# TSS for non-cycling activities



## multirider (Nov 5, 2007)

I use TSS to ensure I'm training enough but not being excessive and risking injury.

Last weekend I raced on Saturday (50 minute crit), then went home an re-roofed part of the house. The roofing project was massively harder than expected due to rotting plywood and other factors. 8 hours of roofing on Saturday and another 4 on Sunday. Up and down the ladder carrying tools/materials (felt, rolled roofing, 5 gallon adhesive, etc), whole body effort to rip off the old shingles, and basically non-stop deep squats.

My legs were sore on Sunday before we started the second round, rigor mortis set in before dinner, and I could barely walk on Monday. Still very sore on Tuesday, did a recovery ride, hard to turn the pedals. Finally some relief on Wednesday, though still sore.

I put 30 TSS per hour for Saturday's roofing effort, but that's 240TSS. My legs were MASSIVELY more sore than after any bike riding/training/racing I've ever done including 100 mile events. But 240 seems like a lot. Another 120TSS for Sunday and I now have big spike in my ATL.

Sometimes I run 2 or 3 miles and typically put in 1 TSS per minute of running. I don't like running, it's infrequent, and doesn't affect my ATL or CTL much.

Any thoughts on TSS for roofing? Running?


----------



## asgelle (Apr 21, 2003)

multirider said:


> my legs were sore on sunday before we started the second round, rigor mortis set in before dinner, ...


r.i.p.


----------



## kbiker3111 (Nov 7, 2006)

Unfortunately, this is a limitation of TSS. Since you get a negligible fitness boost from roofing, you can't add much TSS to represent the fatigue from the physical labor, otherwise you would see a large artificial boost in CTL for the next few weeks. 

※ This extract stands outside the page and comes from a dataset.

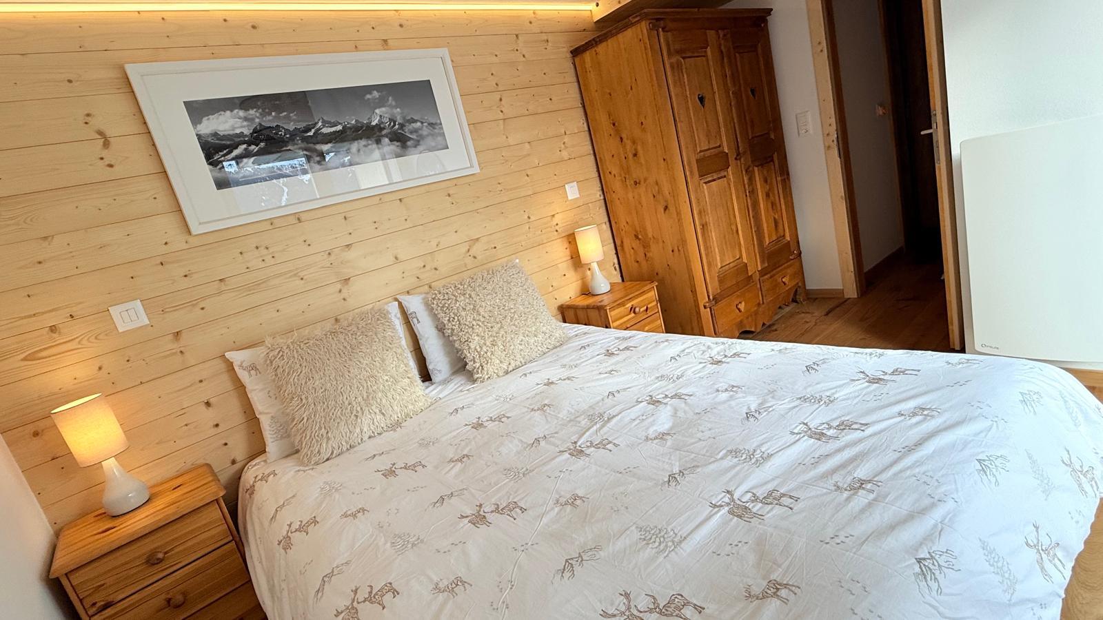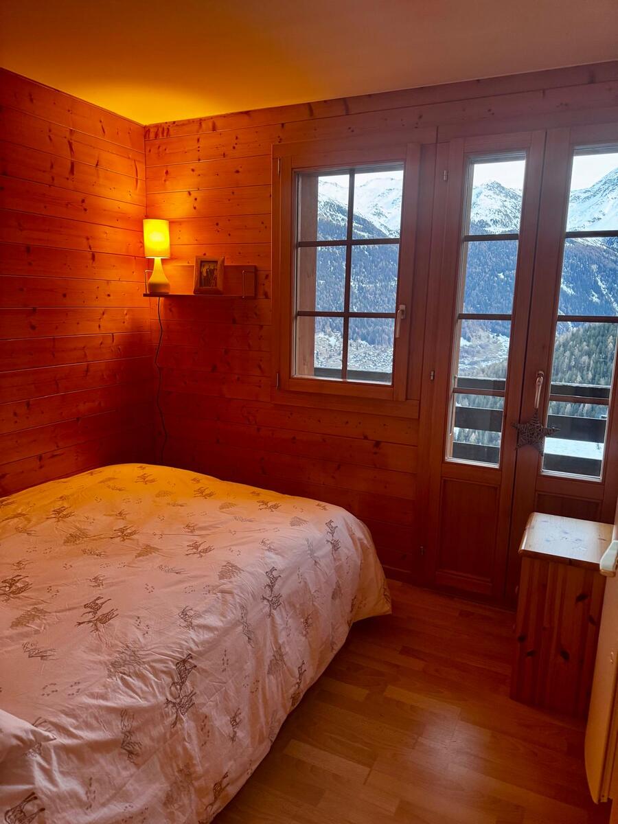 Sehr komfortables Chalet für 3-5 Personen : Wohnzimmer mit Schwedenofen - Küche mit Geschirrspülmaschine, Microwelle und Nespresso Kaffeemaschine - WC - 1 Schlafzimmer mit Doppelbett (160 x 200) - 1 Schlafzimmer mit Doppelbett (140 x 200) - 1 Schlafzimmer mit einem Bett (80 x 180) - Babyreisebett - Badezimmer/ WC - TV / DVD - Radio - Bluetooth IPod/Phone Docking Station - kostenloser Internetanschluss WIFI - Waschmaschine - Holzterrasse mit Grill und Balkon Süd-Ost - 1 Aussenparkplatz - gebaut in 2007 - Zugang über Treppen - Tiere erlaubt (Zusatz von CHF 60.-) - Nichtraucher

If this is a one time thing, just go easy this week and accept the dip in atl. If you do a lot of physical work on a regular basis, consider ditching atl and tsb as a representation of fatigue and freshness.


----------



## multirider (Nov 5, 2007)

You're probably right. Having a sharp spike in my ATL for a roofing job does not represent an increase in training or fitness for biking and that's what I'm using WKO for. I was thinking the dip that resulted from the 50 minute crit on Saturday and no biking on Sunday was not representative of my weekend. But really, from a biking standpoint, it was. Putting 240 TSS is wishful thinking. Thanks for the reality check.


----------